- [ASSIGNED TASK]:
Quote exactly and only this range of lines in the data below: the line that holds "Enfants : GAVELLE Pierre Louis ( 1701 - ? )" to the line that holds "Šokinėjantis vienaragis lengvai", both included.

- [ENTRIES PROVIDED]:

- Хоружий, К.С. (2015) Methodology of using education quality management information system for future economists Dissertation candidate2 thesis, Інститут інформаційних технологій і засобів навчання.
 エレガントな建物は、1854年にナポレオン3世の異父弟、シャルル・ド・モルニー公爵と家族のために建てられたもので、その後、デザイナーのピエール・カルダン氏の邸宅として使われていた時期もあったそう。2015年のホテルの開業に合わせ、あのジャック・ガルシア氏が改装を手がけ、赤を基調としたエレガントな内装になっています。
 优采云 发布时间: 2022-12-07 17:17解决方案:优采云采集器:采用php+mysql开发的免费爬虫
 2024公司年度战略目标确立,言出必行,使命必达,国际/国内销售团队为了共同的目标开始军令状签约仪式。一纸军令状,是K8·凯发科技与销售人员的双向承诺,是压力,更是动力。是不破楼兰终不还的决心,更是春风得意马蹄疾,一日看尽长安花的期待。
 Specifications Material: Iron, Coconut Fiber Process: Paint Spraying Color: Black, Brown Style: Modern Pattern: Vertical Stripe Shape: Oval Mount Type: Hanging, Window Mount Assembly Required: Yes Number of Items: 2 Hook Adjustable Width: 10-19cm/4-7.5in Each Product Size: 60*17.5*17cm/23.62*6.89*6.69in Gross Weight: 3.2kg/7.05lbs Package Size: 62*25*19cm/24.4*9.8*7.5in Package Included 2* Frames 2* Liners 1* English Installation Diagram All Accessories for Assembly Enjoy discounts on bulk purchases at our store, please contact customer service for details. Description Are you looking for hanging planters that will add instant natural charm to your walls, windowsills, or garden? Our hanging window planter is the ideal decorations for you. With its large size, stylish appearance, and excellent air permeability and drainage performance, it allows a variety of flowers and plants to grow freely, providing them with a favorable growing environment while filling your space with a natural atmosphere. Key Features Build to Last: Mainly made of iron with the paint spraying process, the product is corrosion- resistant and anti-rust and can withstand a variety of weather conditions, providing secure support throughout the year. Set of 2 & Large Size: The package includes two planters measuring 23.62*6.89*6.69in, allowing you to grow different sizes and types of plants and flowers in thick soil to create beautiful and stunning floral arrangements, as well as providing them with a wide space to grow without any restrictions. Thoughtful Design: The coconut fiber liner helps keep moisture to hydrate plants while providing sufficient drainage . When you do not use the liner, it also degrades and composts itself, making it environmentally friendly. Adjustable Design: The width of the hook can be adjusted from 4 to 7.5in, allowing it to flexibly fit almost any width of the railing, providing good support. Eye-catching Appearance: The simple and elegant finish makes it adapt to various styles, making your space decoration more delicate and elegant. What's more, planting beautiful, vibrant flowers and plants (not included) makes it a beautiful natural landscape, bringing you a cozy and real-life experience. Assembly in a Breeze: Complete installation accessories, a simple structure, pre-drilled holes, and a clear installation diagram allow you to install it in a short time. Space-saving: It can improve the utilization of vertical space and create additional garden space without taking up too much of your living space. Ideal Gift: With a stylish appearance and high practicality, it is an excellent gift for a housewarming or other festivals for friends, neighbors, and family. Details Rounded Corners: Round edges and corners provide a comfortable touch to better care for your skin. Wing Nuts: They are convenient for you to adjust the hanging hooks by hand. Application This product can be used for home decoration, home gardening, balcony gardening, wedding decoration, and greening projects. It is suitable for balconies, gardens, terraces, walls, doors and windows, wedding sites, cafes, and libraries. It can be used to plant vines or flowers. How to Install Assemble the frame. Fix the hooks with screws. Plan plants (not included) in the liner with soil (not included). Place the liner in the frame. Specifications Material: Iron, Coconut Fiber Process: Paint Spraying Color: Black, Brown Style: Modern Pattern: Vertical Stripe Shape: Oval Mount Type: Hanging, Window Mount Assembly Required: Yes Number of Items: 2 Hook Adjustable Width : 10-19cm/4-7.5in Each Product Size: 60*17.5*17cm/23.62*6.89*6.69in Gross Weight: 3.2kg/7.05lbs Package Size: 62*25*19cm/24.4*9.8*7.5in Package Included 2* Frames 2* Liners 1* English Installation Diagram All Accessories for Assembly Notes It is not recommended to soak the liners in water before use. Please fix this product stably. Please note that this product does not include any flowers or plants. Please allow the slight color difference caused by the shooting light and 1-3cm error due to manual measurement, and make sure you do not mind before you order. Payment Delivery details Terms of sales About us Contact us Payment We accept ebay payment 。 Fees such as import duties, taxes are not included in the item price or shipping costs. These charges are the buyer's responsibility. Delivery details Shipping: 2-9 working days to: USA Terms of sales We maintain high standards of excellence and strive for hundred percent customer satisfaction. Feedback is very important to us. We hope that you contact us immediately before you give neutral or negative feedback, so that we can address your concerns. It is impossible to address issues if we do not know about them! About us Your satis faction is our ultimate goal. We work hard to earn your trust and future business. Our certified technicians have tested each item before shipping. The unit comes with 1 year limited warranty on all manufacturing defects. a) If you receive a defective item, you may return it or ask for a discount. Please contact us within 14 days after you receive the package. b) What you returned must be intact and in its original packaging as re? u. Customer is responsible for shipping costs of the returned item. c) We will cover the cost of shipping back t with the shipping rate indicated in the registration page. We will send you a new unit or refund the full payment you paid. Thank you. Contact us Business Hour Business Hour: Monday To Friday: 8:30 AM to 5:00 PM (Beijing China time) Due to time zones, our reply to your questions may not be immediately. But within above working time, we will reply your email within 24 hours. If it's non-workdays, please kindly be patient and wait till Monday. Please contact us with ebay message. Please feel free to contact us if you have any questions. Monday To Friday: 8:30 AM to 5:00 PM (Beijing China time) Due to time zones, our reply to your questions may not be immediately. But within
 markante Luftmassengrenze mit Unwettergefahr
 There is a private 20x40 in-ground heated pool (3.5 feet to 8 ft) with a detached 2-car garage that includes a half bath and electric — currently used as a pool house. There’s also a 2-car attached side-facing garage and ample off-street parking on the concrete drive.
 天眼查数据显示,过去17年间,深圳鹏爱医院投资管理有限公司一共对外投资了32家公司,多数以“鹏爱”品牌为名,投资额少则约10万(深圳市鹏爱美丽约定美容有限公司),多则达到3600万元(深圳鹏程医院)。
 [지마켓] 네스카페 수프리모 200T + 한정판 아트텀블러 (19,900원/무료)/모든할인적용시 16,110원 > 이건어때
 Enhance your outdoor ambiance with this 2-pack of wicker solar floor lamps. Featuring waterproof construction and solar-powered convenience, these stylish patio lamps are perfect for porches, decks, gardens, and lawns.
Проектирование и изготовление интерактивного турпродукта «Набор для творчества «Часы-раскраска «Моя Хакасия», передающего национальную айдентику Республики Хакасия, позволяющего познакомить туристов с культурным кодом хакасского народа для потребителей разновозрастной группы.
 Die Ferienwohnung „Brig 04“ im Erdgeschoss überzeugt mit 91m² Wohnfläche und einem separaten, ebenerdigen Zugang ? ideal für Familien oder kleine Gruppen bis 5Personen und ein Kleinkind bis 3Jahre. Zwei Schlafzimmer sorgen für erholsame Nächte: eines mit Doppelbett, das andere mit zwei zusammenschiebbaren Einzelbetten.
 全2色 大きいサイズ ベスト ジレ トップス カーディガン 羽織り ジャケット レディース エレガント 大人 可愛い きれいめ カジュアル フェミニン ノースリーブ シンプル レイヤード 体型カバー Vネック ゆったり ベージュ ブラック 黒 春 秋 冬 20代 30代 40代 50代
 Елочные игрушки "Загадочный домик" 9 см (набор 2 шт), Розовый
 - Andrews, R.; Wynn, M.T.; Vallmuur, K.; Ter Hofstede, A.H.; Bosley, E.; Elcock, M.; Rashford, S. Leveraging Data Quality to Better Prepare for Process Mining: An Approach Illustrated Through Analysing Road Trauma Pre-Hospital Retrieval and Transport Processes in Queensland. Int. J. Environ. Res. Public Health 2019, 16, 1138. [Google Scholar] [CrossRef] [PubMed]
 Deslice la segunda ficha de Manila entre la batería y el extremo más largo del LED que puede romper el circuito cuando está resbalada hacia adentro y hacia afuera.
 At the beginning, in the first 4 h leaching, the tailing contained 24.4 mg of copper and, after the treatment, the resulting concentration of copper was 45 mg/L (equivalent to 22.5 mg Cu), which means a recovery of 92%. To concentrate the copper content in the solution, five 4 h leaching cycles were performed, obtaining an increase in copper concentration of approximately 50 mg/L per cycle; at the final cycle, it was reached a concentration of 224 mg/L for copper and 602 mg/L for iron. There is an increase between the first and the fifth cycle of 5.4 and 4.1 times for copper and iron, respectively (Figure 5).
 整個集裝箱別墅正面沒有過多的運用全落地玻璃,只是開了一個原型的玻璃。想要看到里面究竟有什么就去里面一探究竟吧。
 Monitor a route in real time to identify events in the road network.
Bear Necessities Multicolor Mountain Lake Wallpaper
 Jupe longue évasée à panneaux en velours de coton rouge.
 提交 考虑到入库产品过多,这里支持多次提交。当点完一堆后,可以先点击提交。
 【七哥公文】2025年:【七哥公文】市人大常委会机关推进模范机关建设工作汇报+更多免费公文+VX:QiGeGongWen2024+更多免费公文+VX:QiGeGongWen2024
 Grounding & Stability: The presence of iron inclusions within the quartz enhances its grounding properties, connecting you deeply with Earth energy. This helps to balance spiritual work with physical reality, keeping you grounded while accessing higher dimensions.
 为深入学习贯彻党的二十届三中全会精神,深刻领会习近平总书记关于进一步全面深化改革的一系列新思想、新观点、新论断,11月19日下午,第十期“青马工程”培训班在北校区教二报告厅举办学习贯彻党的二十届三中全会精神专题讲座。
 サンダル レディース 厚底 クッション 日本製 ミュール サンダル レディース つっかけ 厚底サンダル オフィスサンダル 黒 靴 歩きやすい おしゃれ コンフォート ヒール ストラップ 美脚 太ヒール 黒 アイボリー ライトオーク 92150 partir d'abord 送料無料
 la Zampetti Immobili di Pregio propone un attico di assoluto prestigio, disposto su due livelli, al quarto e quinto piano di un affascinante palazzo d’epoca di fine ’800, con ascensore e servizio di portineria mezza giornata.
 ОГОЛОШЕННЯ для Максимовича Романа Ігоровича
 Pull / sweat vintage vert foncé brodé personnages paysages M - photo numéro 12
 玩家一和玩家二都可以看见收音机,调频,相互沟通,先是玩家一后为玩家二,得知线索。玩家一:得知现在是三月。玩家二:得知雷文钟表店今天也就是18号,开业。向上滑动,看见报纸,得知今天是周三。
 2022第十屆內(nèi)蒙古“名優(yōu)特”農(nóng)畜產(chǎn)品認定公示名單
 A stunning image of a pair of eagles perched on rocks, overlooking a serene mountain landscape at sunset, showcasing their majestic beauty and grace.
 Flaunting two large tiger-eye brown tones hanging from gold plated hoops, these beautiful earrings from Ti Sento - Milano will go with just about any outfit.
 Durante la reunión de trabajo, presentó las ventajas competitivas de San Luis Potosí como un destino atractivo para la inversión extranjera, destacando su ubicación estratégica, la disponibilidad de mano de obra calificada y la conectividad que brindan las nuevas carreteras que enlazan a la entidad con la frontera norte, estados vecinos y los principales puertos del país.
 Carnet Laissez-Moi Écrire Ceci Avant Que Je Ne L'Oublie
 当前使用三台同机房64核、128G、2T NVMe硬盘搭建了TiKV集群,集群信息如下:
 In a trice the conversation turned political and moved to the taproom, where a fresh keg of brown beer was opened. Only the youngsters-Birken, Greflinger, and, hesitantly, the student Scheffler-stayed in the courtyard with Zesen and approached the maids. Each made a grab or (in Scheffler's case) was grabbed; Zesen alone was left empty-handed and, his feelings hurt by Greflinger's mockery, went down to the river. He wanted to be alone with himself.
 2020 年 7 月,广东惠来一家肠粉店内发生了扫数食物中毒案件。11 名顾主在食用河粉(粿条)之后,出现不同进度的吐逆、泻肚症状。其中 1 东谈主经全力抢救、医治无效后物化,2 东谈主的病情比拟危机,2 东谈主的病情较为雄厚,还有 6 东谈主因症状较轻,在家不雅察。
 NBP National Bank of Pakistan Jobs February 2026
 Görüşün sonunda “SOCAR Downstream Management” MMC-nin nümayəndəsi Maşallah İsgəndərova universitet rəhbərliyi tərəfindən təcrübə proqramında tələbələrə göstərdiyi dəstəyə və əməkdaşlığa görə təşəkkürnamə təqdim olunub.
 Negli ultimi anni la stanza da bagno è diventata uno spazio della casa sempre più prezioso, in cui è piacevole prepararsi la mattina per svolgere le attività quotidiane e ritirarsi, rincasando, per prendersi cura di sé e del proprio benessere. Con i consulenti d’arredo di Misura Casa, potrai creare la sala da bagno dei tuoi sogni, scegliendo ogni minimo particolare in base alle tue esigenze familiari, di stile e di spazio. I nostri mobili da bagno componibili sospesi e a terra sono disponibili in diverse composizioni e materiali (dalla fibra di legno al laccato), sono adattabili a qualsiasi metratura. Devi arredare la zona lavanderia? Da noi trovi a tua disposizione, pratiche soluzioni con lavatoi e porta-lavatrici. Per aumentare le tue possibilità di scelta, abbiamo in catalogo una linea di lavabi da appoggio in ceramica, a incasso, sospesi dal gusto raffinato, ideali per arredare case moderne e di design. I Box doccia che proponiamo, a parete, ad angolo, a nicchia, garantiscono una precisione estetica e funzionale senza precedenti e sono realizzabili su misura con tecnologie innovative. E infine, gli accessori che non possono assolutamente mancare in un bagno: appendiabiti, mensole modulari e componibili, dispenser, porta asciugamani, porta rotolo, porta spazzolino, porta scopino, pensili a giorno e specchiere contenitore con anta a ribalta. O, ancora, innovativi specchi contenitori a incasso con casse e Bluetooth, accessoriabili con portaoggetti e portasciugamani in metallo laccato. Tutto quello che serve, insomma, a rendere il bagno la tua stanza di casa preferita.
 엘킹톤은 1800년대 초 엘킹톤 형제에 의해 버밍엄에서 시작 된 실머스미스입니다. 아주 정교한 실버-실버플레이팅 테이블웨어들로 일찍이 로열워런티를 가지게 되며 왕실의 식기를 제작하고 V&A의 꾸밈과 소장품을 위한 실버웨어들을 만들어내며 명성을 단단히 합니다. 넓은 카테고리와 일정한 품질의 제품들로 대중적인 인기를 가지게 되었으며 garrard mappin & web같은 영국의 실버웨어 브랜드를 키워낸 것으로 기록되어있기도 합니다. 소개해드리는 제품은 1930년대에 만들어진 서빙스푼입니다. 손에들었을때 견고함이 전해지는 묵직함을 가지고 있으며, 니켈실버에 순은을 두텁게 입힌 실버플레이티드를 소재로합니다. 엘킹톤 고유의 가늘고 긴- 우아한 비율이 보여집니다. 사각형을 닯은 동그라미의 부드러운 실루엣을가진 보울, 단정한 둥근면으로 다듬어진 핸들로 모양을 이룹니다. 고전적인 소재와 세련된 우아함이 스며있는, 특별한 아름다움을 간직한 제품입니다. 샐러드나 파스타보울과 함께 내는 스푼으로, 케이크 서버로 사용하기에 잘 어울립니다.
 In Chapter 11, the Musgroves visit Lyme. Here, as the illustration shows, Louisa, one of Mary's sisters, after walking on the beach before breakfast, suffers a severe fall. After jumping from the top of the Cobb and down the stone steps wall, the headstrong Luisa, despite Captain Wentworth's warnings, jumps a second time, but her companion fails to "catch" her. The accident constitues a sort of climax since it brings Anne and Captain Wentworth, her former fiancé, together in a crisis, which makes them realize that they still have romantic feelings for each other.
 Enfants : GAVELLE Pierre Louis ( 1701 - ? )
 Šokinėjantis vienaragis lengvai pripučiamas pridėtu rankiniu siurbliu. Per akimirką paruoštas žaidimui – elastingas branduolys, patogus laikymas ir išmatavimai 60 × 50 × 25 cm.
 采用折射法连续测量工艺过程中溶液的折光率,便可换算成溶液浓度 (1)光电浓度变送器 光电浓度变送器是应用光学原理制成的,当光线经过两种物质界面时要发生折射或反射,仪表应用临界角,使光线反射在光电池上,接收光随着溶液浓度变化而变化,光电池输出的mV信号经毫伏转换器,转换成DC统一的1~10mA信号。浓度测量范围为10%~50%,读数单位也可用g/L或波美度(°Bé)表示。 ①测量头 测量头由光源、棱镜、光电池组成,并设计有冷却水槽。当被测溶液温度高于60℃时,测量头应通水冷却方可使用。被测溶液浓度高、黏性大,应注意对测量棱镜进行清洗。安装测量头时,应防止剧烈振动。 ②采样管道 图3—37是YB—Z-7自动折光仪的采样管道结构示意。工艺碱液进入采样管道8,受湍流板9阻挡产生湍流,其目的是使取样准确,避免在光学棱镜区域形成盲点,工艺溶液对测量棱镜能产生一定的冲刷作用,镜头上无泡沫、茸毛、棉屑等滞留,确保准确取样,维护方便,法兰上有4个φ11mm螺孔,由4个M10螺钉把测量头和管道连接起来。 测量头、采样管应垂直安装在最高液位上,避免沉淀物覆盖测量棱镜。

- [YOUR SOLUTION]:
 Enfants : GAVELLE Pierre Louis ( 1701 - ? )
 Šokinėjantis vienaragis lengvai pripučiamas pridėtu rankiniu siurbliu. Per akimirką paruoštas žaidimui – elastingas branduolys, patogus laikymas ir išmatavimai 60 × 50 × 25 cm.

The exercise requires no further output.